Current Research Projects
Project financed by NCN (National Science Center)
Advanced modeling methods for viral processes
Each day billions of instant messages, comments, articles, blog posts, emails, tweets and other various mediums of communication are exchanged in the reciprocal, social relations. The research on information diffusion has become very fruitful and can be applied in maximizing influence and virility of the rumor or improvements in routing algorithms.
We note as well that models of information diffusion are based on classical epidemiological models, e.g., SIR. In recent months these models have been used extensively to model the spread of COVID. Hence, understanding and modeling the viral processes has become a key research direction. The models that describe viral processes usually assume that this process is stochastic, e.g. the famous SIR model. While it may be that this model is correct for the case for which it was created, i.e., to describe the process of disease spread. However, as we showed in our previous work – it does not apply to the case of information spreading. First, this model does not take into account that information becomes less up-to-date over time and people are sharing it less actively. Secondly, information is spread through different channels.

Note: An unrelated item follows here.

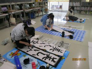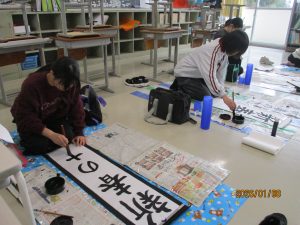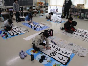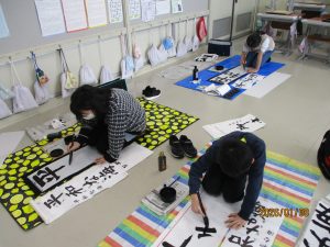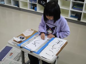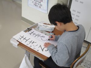 冬休みに練習してきた成果を発揮しようと、楽しみにしている子供もいれば、緊張している子供もいました。子供たちは真剣な表情で、一画一画丁寧に書き進めていました。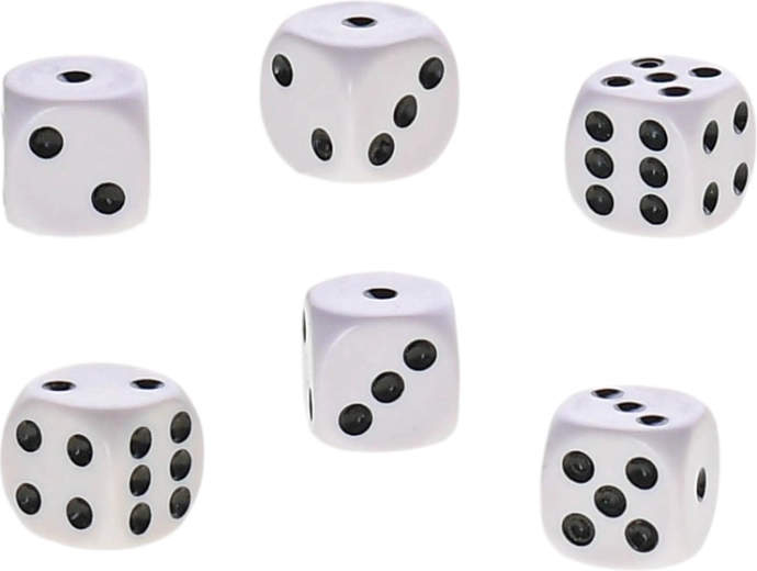 Praktičen komplet igralnih kock je idealen za družinske in družabne igre. Standardna velikost 16 mm zagotavlja udobno metanje in dobro berljivost pik. Zaradi kompaktne embalaže se kocke zlahka prilegajo v žep ali nahrbtnik, zato so popolne za na pot.

If we want to study information dissemination in Twitter network we need to take into account other means as well, e.g., mass media. In particular, the lack of these effects cause the SIR model to overestimate the likelihood that information will become viral, i.e., reach almost the whole network. Our work (HT 2016) explains the experimentally observed cascade sizes by incorporating two effects:
- exponential decay of the probability that a rumour is spread further,
- multi source nature of the process that can be attributed to the fact that information spreads outside the Twitter network.
Another possible explanation can be found in our work (WWW 2017), where we provide the only known theoretical model that explains why distribution of cascade sizes follows power-law.
This paper introduces the concept of direction of information spread, i.e., from high-degree and high-trust nodes. The motivation for this assumption is the fact people are more likely to share information coming from high-degree nodes. In other words, it seems that we are actually far from understanding well the mechanism of information spread in social networks. This despite the fact that in social networks viral processes can be very accurately traced. Our lack of understanding implies that we are unable to correctly assess the risks related to very rare events. In particular, up to our knowledge our paper (HT 2016), is the only case where a metric that correctly accounts for rare events is used. This raises a question whether in the epidemiological applications of such models rare events, e.g., pandemic spread of dismisses, are correctly described. Another line of research of viral processes is prediction how popular given information will become.
It should be noted that these models are created based on a completely different approach than assumed in our works. The typical approach is to build a regression model, which, based on the observed process characteristics, predict their further evolution. However, these models have limited effectiveness, because they indirectly assume that the process is deterministic, and it is known that it has a stochastic nature and its evolution is not predetermined. This rises a challenge to develop models that would predict all possible continuations of its evolution described as a distribution. In particular, only such an approach can lead to statistically correct results that would predict the chances that a process reaches the whole network. However, there are more important challenges here which form topics for the tasks of this project:
We aim to pinpoint mechanisms that are responsible for the decay of the probability that information is shared further
We will stochastically model risks that a viral process spreads to the entire network, or a big fraction of it
We will work on models for predicting evolution of a specific rumour
We study how to infer parameters and means of transmission of the viral process from indirect observations
We will check whether it is possible to detecting the nature of the viral, i.e., real-world event, fake news, or viral article
We will apply the methodology developed in this project to model COVID epidemics. In particular, our work will shed light on correctly describing the risks of this process
Modeling stochastic processes is our specialty. We do world-class research in this field.